The source statement specifies information about the input data file.

Criterion
Be sure to specify this statement unless you are loading data only to the LOB columns of a table.
Rule
Specify the source statement in single line (with a maximum length of 1,023 bytes). You can specify the source statement only once in a control information file.
Organization of this subsection
(1) Format
(2) Explanation

(1) Format

source [RDAREA-area] [{server-name|host-name}:]
     {input-data-filename[,input-data-filename]... |(uoc)}
     [error=error-information-file-name]
     [errdata=error-data-filename[, output-rows-count]]
     [errwork=work-buffer-size-for-error-data-file-creation]
     [maxreclen=input-data-length]

(2) Explanation

(a) RDAREA-name

~<identifier> ((1-30))

When data loading is to be performed by RDAREA on a row-partitioned table, this option specifies the name of the RDAREA to be subject to data loading.

Rules
  1. For a table partitioned by key ranges or FIX hash values, HiRDB checks the data to determine whether or not it can be stored in the RDAREA. If the data falls beyond the specified storage range, an error results. However, for a table partitioned by flexible hash values, HiRDB stores the data as is without checking.
  2. The system treats an RDAREA name that is enclosed in double quotation marks (") as case sensitive; otherwise, the system treats it as all uppercase letters. If an RDAREA name contains a space, you must enclose it in double quotation marks.
(b) {server-name|host-name}

Specifies the name of the server or host containing the input data file(s).

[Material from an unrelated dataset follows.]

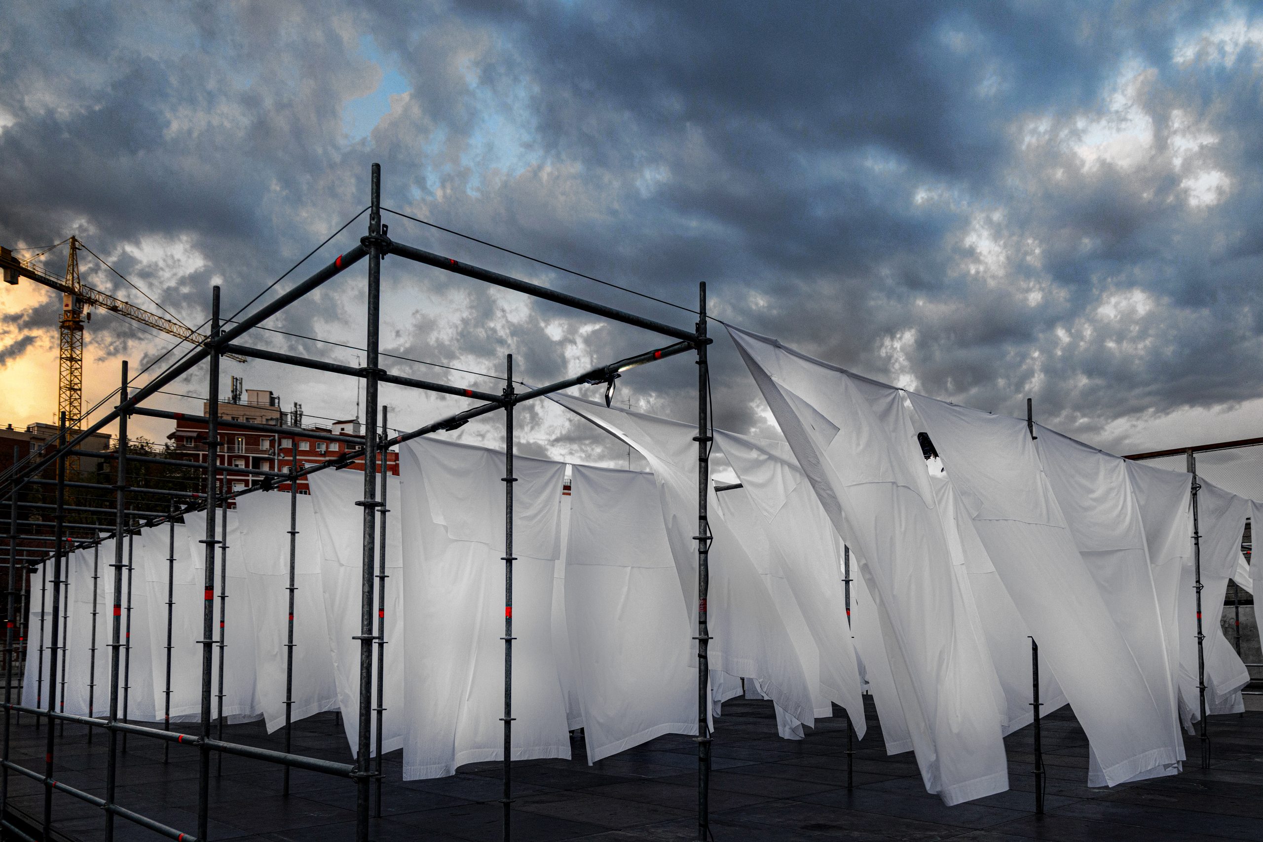La instalación estaba formada por un gran tendedero con cerca de un centenar de sábanas blancas retroiluminadas, creando un paisaje ligero y cambiante que se transformaba constantemente con el viento. El montaje se resolvió con una estructura sencilla de andamio Layher, cuyo aspecto industrial contrastaba con la ligereza de las sábanas agitadas por el viento.

server-name ~<identifier> ((1-8))
HiRDB/Single Server
Do not specify this option for a HiRDB/Single Server.
HiRDB/Parallel Server
Specify the name of the front-end server or back-end server containing the input data file. When you perform data loading on an audit trail table, you must specify the name of the server on the unit that contains the audit trail files. If you use the standby-less system switchover (effects distributed) facility and specify a guest BES (server subject to switchover), the utility assumes that the regular unit (on which that server is the running server) contains the input data files.
If you specified an RDAREA name, you can omit this information, in which case the system assumes the name of the server where the specified RDAREA is stored. If you omitted the RDAREA name, be sure to specify this option.
host-name ~<identifier> ((1-32))
HiRDB/Single Server
Specify the name of the host containing the input data file. This is the name of the host where the single server is located.
You can omit this option regardless of whether or not an RDAREA name is specified. When it is omitted, the system assumes the name of the host where the database load utility (pdload command) was executed.
If you are using the system switchover facility, specify the primary system's host name.
HiRDB/Parallel Server
Do not specify this option for a HiRDB/Parallel Server.
(c) input-data-file-name

~<pathname>

Specifies the absolute pathname of an input data file containing data to be input.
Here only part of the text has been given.